So far all we have done is solve the linear combination of W, X and B for y which is 5. Now we can illustrate what we are using the autodiff capabilities of pytorch/autograd for. Given that we know the product of these tensors is 5, we know that the product of W or X and it's gradient, the slope of the equation at that point, plus the intercept B, will give us 5. We can prove this below. 

In [43]:
y.backward()
print(x.grad)
print(w.grad)
print(b)

tensor(2.)
tensor(1.)
tensor(3.)


To check: x = 1, it's gradient is 2 so X * X.grad + B = 5. Keep this in mind, this will come in handy later, when we are using this feature to minimize a loss function to converge a very simple linear regression model, and because we are still in lockdown we are going to try and fit the flavour (subjective) and degree of crustiness (also subjective) of my home made sour dough to the measured proofing time, acidity and age of my starter.

## Linear Regression Data

In [44]:
# Input (Proofing time, acidity, age of starter)
inputs = np.array([[12, 4.5, 32], 
                   [15, 4.2, 40], 
                   [18, 4.2, 45], 
                   [24, 4.0, 51], 
                   [30, 3.8, 58],
                   [18, 3.8, 65],
                   [15, 4.0, 70],
                   [15, 4.1, 78],
                   [18, 3.9, 81],
                   [24, 4.0, 90]], dtype='float32')
# Targets (Flavour, Crust)
targets = np.array([[70, 70], 
                    [72, 75], 
                    [80, 70], 
                    [85, 75], 
                    [85, 80],
                    [82, 85], 
                    [90, 85], 
                    [87, 90], 
                    [85, 90], 
                    [90, 95]], dtype='float32')
print(inputs) # This is an Array

[[12.   4.5 32. ]
 [15.   4.2 40. ]
 [18.   4.2 45. ]
 [24.   4.  51. ]
 [30.   3.8 58. ]
 [18.   3.8 65. ]
 [15.   4.  70. ]
 [15.   4.1 78. ]
 [18.   3.9 81. ]
 [24.   4.  90. ]]


In [45]:
# Convert inputs and targets to tensors
inputs = torch.from_numpy(inputs) # we are using the from_numpy method which doesn't copy the data but provides a reference.
targets = torch.from_numpy(targets) # This is an efficient method when the data is large, probably unnecessary for data of this size.
print(inputs) # This is the converted Tensor where the type has been converted to float32.

tensor([[12.0000,  4.5000, 32.0000],
        [15.0000,  4.2000, 40.0000],
        [18.0000,  4.2000, 45.0000],
        [24.0000,  4.0000, 51.0000],
        [30.0000,  3.8000, 58.0000],
        [18.0000,  3.8000, 65.0000],
        [15.0000,  4.0000, 70.0000],
        [15.0000,  4.1000, 78.0000],
        [18.0000,  3.9000, 81.0000],
        [24.0000,  4.0000, 90.0000]])


### So we now have a matrix of 10x3 inputs, and a matrix of 10x2 targets.

In an ideal situation, we would multiply our inputs, X, by some weights w, and add a bias, b.
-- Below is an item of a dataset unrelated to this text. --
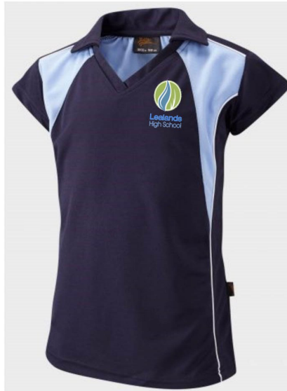
Girls Polo Shirt. Navy/Sky Embroidered

This will return our target values of y for the correct values of w and b. Now, we are unlikely to guess the correct values of w and b on the first guess, but there are a few ways forward. We could grid or random search a matrix of values to brute force this, but this is not a very sophisticated method and will not necessarily find the minima for latent space if that area is outside the defined search area. 

$$\begin{bmatrix} y1 & y1 \\ y2 & y2 \\ y3 & y3 \end{bmatrix} = \begin{bmatrix} x1 & x1 & x1 \\ x2 & x2 & x2 \\ x3 & x3 & x3 \end{bmatrix}\begin{bmatrix} w1 & w1 \\ w2 & w2 \\ w3 & w3 \end{bmatrix} + \begin{bmatrix} b1 & b1 \\ b2 & b2 \\ b3 & b3 \end{bmatrix}$$

So we will first create random weights and biases, requiring grad for autodifferentiation. The weights are in the shape 2x3, we will multiply the inputs by the transpose of this matrix to obtain the desired shape of the target tensor.

In [46]:
# Weights and biases
w = torch.randn(2, 3, requires_grad=True)
b = torch.randn(2, requires_grad=True)
print(w)
print(b)

tensor([[ 0.5543, -0.6560,  1.4981],
        [ 0.0123,  1.5953, -0.6069]], requires_grad=True)
tensor([-0.9139,  0.7198], requires_grad=True)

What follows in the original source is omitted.